» The records
★ ★ ★
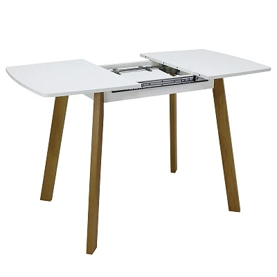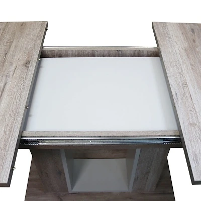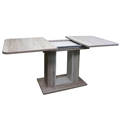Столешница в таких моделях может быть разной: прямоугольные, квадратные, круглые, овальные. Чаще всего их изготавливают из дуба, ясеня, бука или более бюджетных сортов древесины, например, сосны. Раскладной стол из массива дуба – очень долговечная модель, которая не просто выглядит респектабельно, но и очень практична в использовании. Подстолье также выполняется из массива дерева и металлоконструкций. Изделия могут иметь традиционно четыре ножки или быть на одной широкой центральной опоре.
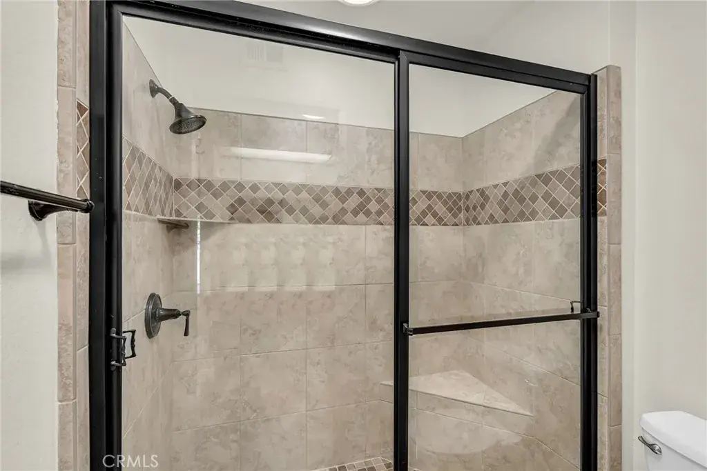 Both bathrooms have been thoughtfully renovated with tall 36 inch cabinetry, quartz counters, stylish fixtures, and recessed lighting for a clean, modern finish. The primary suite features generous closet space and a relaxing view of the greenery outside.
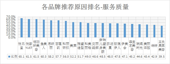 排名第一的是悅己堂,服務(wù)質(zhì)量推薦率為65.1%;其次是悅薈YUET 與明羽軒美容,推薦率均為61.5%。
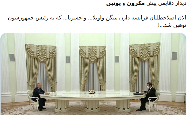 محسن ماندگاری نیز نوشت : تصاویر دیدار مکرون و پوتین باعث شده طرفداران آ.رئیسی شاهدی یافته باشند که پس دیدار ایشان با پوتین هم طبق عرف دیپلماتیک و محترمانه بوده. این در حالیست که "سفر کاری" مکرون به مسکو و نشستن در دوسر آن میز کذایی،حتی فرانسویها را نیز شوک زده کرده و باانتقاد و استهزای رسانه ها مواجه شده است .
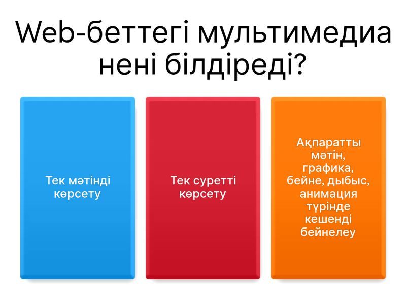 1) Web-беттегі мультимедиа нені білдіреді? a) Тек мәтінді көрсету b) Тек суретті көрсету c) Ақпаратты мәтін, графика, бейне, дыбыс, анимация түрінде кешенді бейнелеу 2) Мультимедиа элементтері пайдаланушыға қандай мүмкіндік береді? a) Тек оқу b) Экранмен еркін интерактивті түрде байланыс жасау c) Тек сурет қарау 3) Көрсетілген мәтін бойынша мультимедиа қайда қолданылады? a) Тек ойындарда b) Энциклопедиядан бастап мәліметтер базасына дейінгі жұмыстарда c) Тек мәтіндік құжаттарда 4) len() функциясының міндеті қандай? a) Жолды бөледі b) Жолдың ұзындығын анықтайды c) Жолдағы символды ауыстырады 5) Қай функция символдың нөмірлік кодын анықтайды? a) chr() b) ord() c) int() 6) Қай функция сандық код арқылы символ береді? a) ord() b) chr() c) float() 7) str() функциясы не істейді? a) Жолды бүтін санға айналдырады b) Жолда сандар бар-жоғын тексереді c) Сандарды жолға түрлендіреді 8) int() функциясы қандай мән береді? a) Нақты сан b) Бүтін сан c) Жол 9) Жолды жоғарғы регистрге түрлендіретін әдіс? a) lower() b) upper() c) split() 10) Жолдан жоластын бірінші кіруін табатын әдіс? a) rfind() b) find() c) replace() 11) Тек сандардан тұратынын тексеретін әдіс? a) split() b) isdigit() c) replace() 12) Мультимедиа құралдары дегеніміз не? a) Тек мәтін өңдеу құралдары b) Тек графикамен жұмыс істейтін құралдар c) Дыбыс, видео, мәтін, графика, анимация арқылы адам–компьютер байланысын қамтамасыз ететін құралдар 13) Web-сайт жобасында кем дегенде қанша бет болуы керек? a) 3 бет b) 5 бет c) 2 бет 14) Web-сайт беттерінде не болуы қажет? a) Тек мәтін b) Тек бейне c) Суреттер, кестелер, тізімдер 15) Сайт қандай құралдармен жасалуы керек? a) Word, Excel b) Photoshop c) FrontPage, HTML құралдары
★ ★ ★
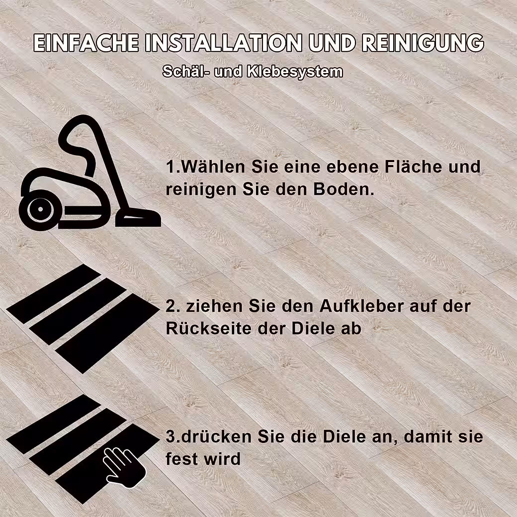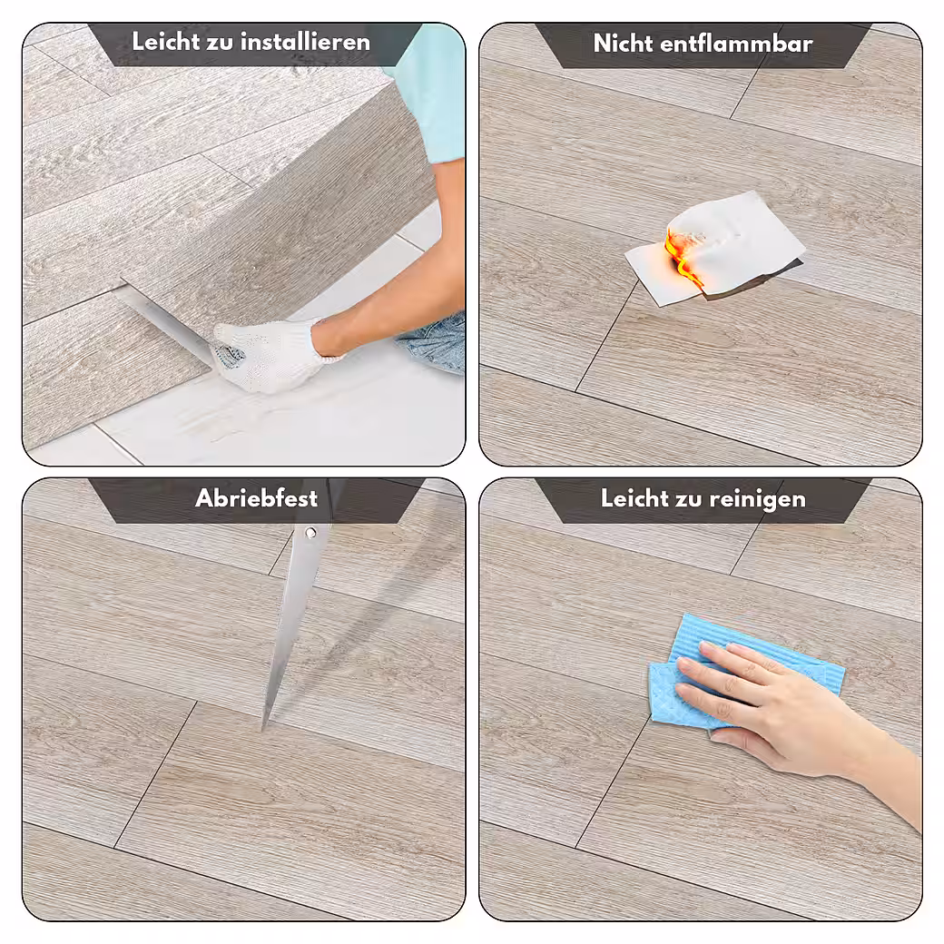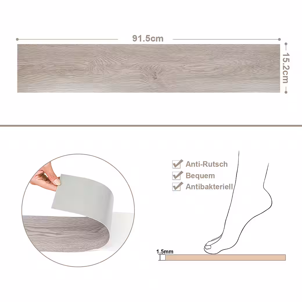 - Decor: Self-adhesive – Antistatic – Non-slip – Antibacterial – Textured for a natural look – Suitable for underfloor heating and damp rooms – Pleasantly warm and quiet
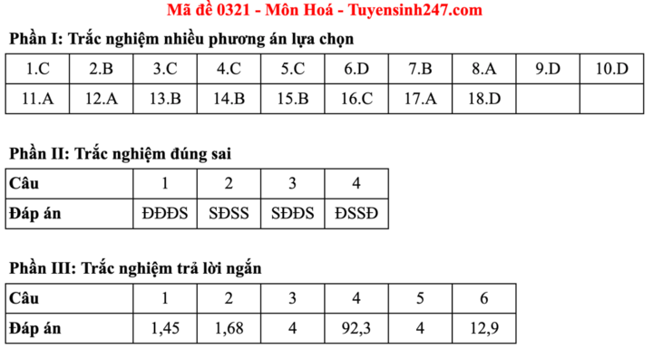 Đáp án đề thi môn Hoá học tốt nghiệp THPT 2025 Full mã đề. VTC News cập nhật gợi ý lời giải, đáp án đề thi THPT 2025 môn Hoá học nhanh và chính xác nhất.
★ ★ ★
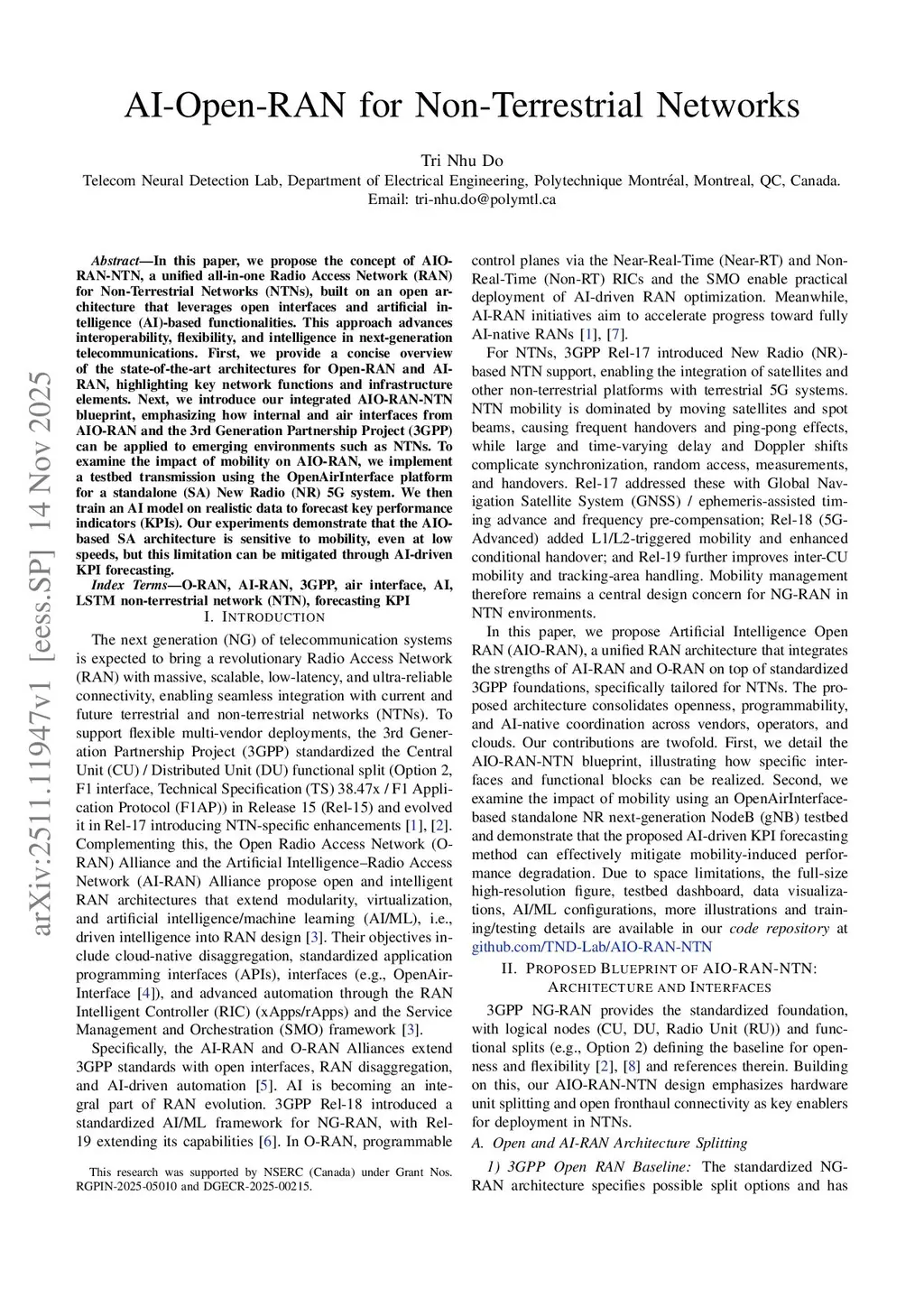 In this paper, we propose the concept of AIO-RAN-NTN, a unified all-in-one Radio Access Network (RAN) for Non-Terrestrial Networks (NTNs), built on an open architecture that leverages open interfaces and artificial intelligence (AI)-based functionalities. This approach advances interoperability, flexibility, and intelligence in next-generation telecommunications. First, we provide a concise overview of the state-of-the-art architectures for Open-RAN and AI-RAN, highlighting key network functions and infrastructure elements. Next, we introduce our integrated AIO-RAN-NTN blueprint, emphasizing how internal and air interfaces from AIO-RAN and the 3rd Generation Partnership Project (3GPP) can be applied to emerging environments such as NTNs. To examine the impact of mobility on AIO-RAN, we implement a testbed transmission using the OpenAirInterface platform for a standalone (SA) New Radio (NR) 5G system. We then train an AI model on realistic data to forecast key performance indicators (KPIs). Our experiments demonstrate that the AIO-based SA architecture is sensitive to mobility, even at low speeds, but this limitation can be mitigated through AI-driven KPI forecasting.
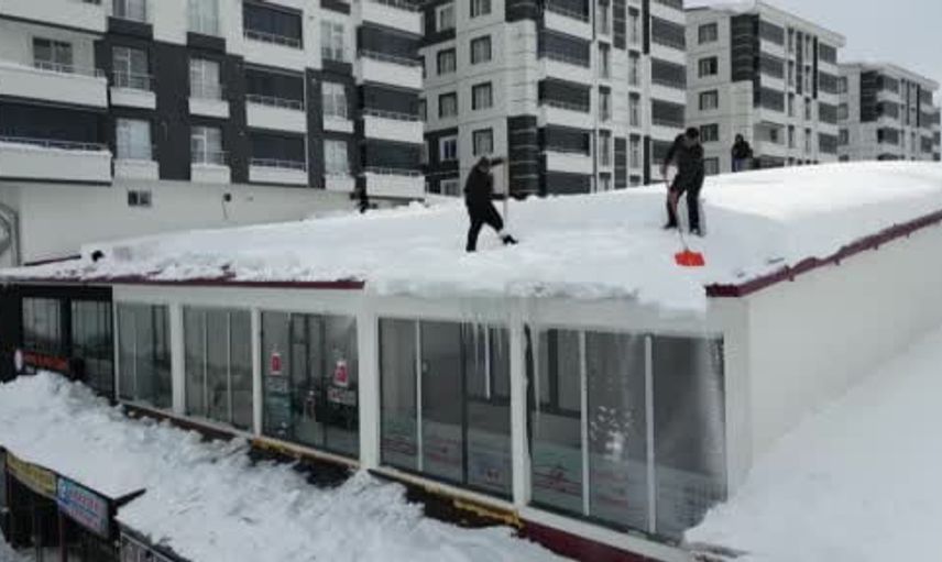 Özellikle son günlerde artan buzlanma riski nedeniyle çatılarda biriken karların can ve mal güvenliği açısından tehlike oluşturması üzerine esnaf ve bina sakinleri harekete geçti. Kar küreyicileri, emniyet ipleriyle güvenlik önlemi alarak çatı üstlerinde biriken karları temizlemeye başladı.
★ ★ ★
» Task description
With pictures omitted, repeat the entries above word for word from the line holding "Both bathrooms have" down to the line holding "排名第一的是悅己堂,服務(w", keeping both of those lines.

» Your response
 Both bathrooms have been thoughtfully renovated with tall 36 inch cabinetry, quartz counters, stylish fixtures, and recessed lighting for a clean, modern finish. The primary suite features generous closet space and a relaxing view of the greenery outside.
 排名第一的是悅己堂,服務(wù)質(zhì)量推薦率為65.1%;其次是悅薈YUET 與明羽軒美容,推薦率均為61.5%。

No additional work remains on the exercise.